OUR DIFFERENT TYPES OF LAB TESTING
COLOUR AND APPEARANCE
Color of oil in service indicates deterioration stage, Cloudiness indicates the presence of dissolved water & suspended particle of sediments indicates the products of oxidation.
The color of an insulating oil is determined in transmitted light and is expressed by a numerical value based on comparison with a series of color standards. It is not critical property but it may be useful for comparative evaluation.
Besides color the appearance of oil may show cloudiness or sediment, which may indicate the presence of free water, insoluble sludge, carbon particles, fibres , dust or other contaminants
DENSITY
In cold climates the density of oil may be important in determining its suitability for use. For example, ice crystals formed from separated water may float on oil high density and lead to flashover on subsequent melting. However density is not significant in comparing the quality of different oil samples.

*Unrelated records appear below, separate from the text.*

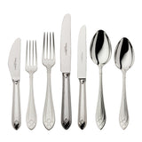 Arcade 84-piece silver-plated cutlery set. Elegant silver bands, graceful lines, and Mediterranean-inspired refinement.
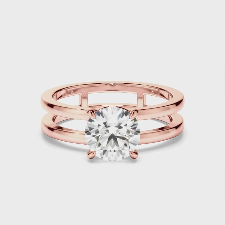 The Dasha Engagement Ring is a beautifully crafted custom-made piece that blends timeless brilliance with contemporary refinement. At its heart, a dazzling round brilliant-cut diamond is set to showcase maximum fire and brilliance. The design is elevated by a split half-round band, offering a delicate yet striking look that enhances the centre stone while ensuring a comfortable and elegant fit.
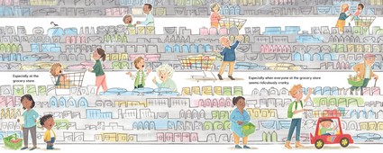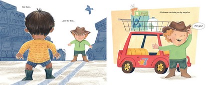 Sometimes being kind requires a little more oomph. Especially at the grocery store when everyone seems to be in a bad mood and the car cart you wanted is already taken. But sometimes kindness can take you by surprise. Suddenly the kid with the car cart yields his ride, and that small act changes everything. If crankiness is catching, kindness can be just as infectious. As one child shows kindness to others, he watches how his kindness spreads and grows, with one kindness leading to another throughout the store.

Density may be useful for discriminating mineral insulating oil from the other fluid types.
BREAK DOWN VOLTAGE
Indicates the presence of free water, dirt, conducting particles & moist cellulosic fibers.

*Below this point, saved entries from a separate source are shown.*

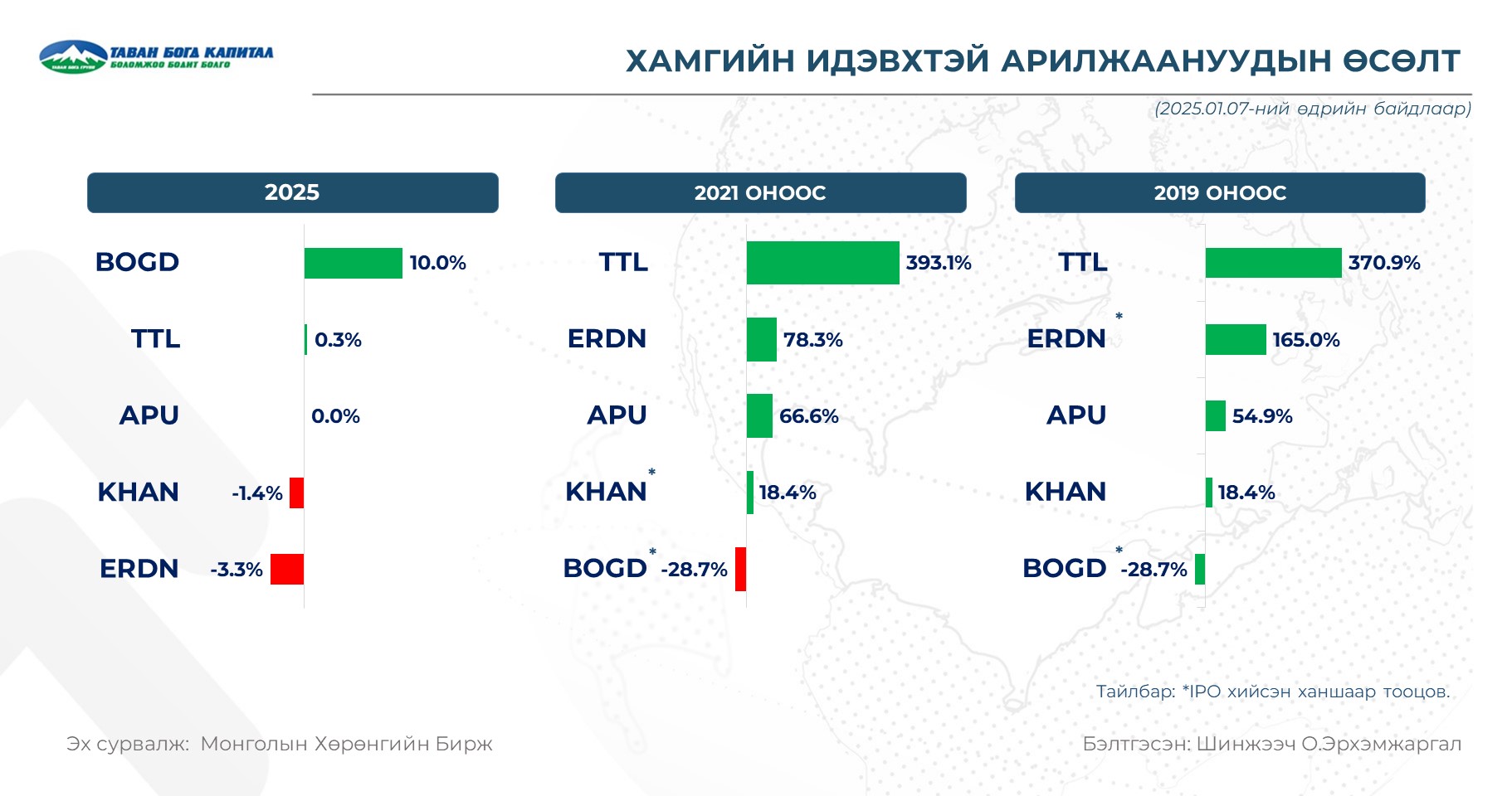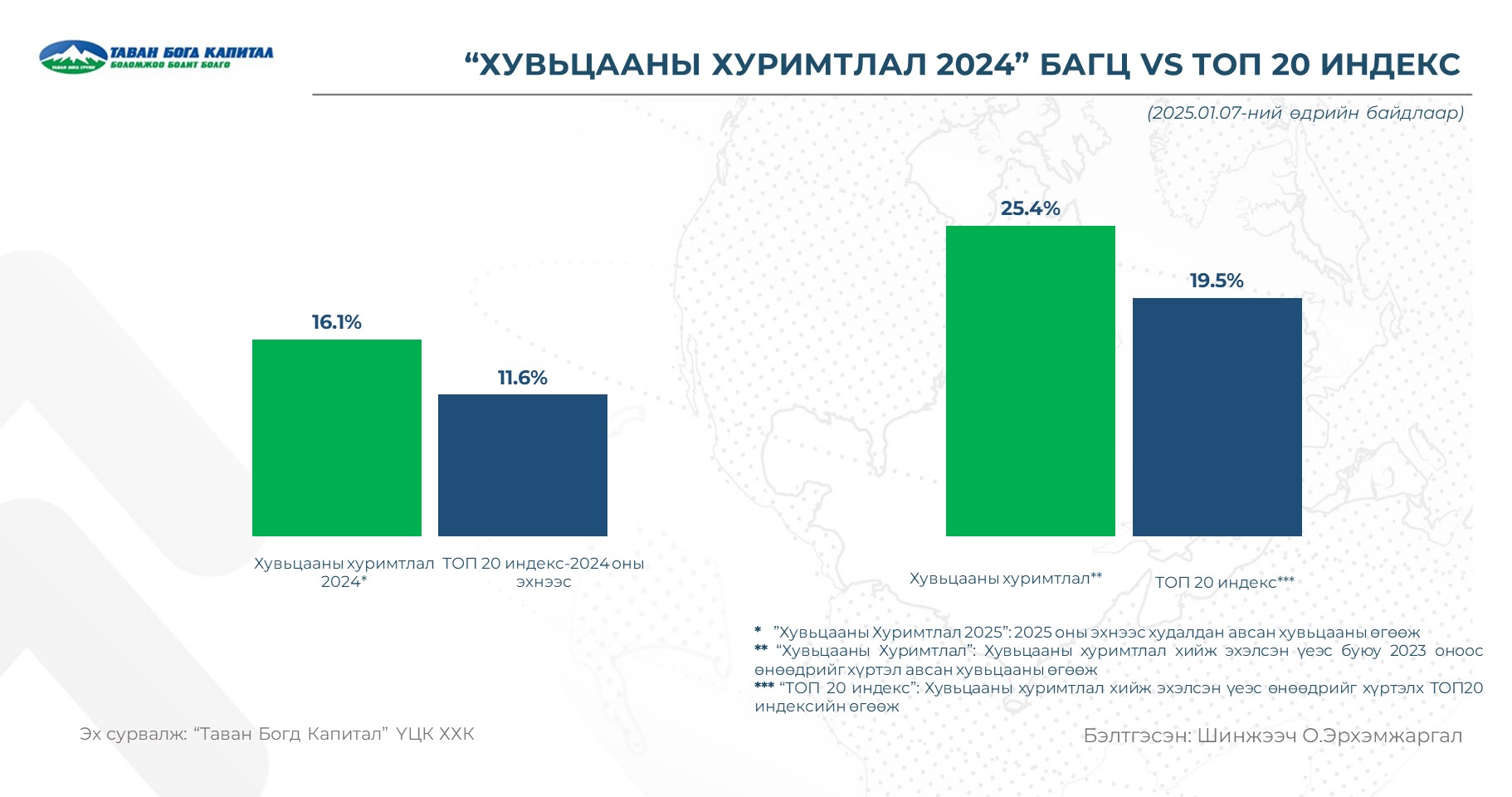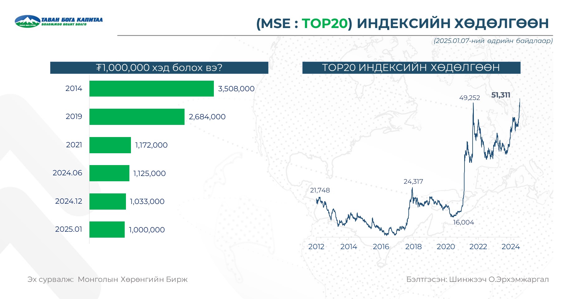 TOP20 индекс 51,311-д хүрсэн нь өмнөх өдрийн хаалтын ханшаас 0.4%-аар өссөн үзүүлэлт байлаа. Хэрвээ 2025.01 сард ₮1,000,000-өөр хөрөнгө оруулалт хийсэн бол 0.4% өсөх байжээ.
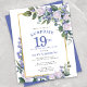 Honorer une femme spéciale avec cette invitation élégante et féminine Budget 19e anniversaire Surprise Party. Surprise et 19ème sont écrits en gros bleu. Célébration d'anniversaire suit. Le nom de l'invité honoré est également en lettres majuscules bleues. Les détails de la fête d'anniversaire sont entourés d'un cadre doré chic. Les fleurs bleues et les roses blanches sont nichées dans des feuilles verts.
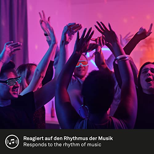 Un'altra caratteristica speciale è il sensore musicale, che alterna in modo intelligente i colori al ritmo della musica, creando così un'atmosfera di festa o permettendo di vivere un film in modo ancora più intenso. Qui è possibile scegliere tra 4 effetti
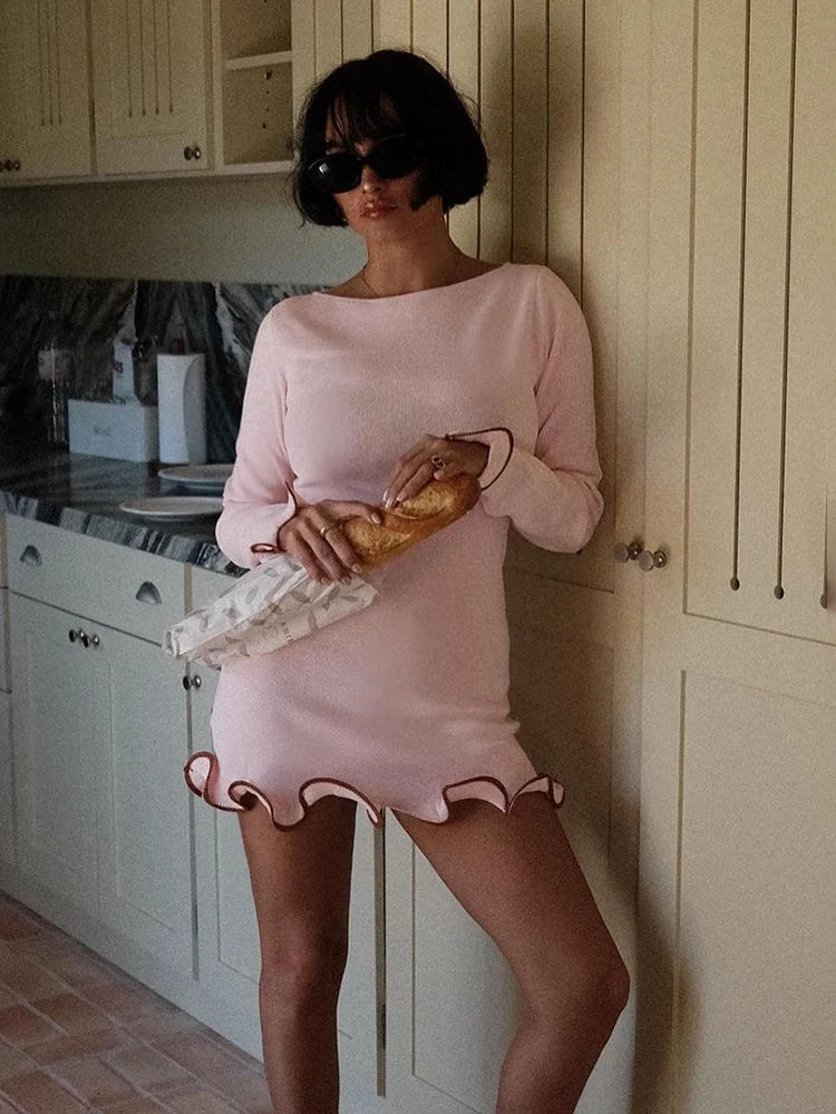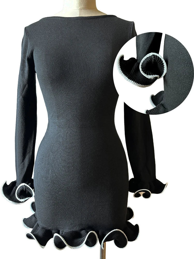 Pay in 4 instalments with AfterPay, Buy Now Pay LaterAutumn Knitted Mini Contrast Color Slim Sweater Dress Elegant Party Long Sleeve Dress
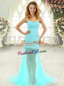 Aqua Blue Column/Sheath Beading Homecoming Dress Zipper Tulle Sleeveless

Break down voltage is a measure of the ability of oil to withstand electric stress and has primary importance for the safe operation of electrical equipment .It is strongly dependent on the sampling temperature. Dry and clean oil exhibits an inherently high breakdown voltage. Free water and solid particles, the latter particularly in combination with high levels of dissolved water , tend to migrate to regions of high electric stress and reduce breakdown voltage dramatically.
The measurement of breakdown voltage, therefore serves primarily to indicate the presence of the contaminants such as water or particles. A low value of breakdown voltage can indicate that one or more of these are present. However a high breakdown voltage does not necessarily indicate the absence of all the contaminants.
NEUTRALIZATION VALUE
Indicates the acid content in the oil which increases corrosion of metal in the equipment & decreases Dielectric properties. The acidity (neutralization value) of oil is a measure of the acidic constituents or contaminants in the oil.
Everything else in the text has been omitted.